The reason most organizations do not run this play is straightforward: it is hard at scale. A development office can plausibly hand-write notes for ten donors. Fifty is a stretch. A hundred is impossible without help. A programmatic motion for handwritten donor stewardship at fundraising scale is how most advancement teams operationalize this without burning out their staff.

A stewardship calendar for the top fifty

Build the calendar around your top fifty active donors. Not your top two hundred. Not your full file. Fifty is the number where personal stewardship can run with discipline and where the math still works because that group is producing the majority of your private revenue.

For each of the fifty, the calendar tracks:

  1. Last gift date and amount.
  2. Last seven personal touches and from whom.
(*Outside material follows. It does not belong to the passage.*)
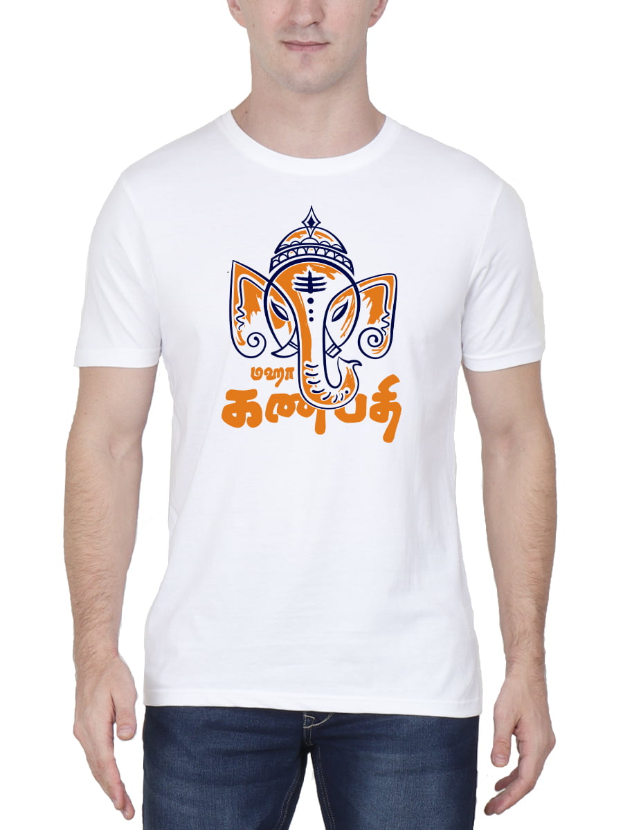Maha Ganapathi Vinayagar T-Shirt for men, half sleeve, made from soft fabric. Showcases a bold Vinayagar design, blending comfort and style for a spiritual, casual look.

If any single source is over-represented (usually the gift officer), that is a flag.
  3. Next scheduled touch and owner.
  4. Gap to the next ask, with a target window of 90 days minimum, eleven months recommended.

Run a monthly review. Any donor with fewer than two personal touches in the last 90 days gets escalated. Any donor whose most recent touch was a system-generated acknowledgement gets a real call. Any donor approaching the renewal window without three handwritten notes in the file gets one.

This is unglamorous work. It does not look like a campaign. It looks like a spreadsheet and a calendar reminder. It is also the difference between an 80% major donor retention rate and a 60% one.

Why stewardship is the work

Stewardship is not a politeness ritual. It is the part of the development cycle that decides whether the next ask gets a yes. The data has been consistent for two decades, across the FEP’s annual retention reports, Reichheld’s customer loyalty research at Bain, and the recurring giving research from sector vendors. Relationships that compound generate revenue. Relationships that go quiet do not.

The work between the gift and the next ask is the work. Build the calendar. Staff it with the people closest to the program, not the people closest to the budget. Use handwriting where it counts. Then count the touches before you count the ask.

FAQ

What is donor stewardship between asks?

Donor stewardship between asks is the structured set of personal touchpoints an organization sends a donor in the months between a gift and the next solicitation. It includes thank-you calls, handwritten notes from program staff, impact updates, and stewardship-only meetings with no fundraising agenda.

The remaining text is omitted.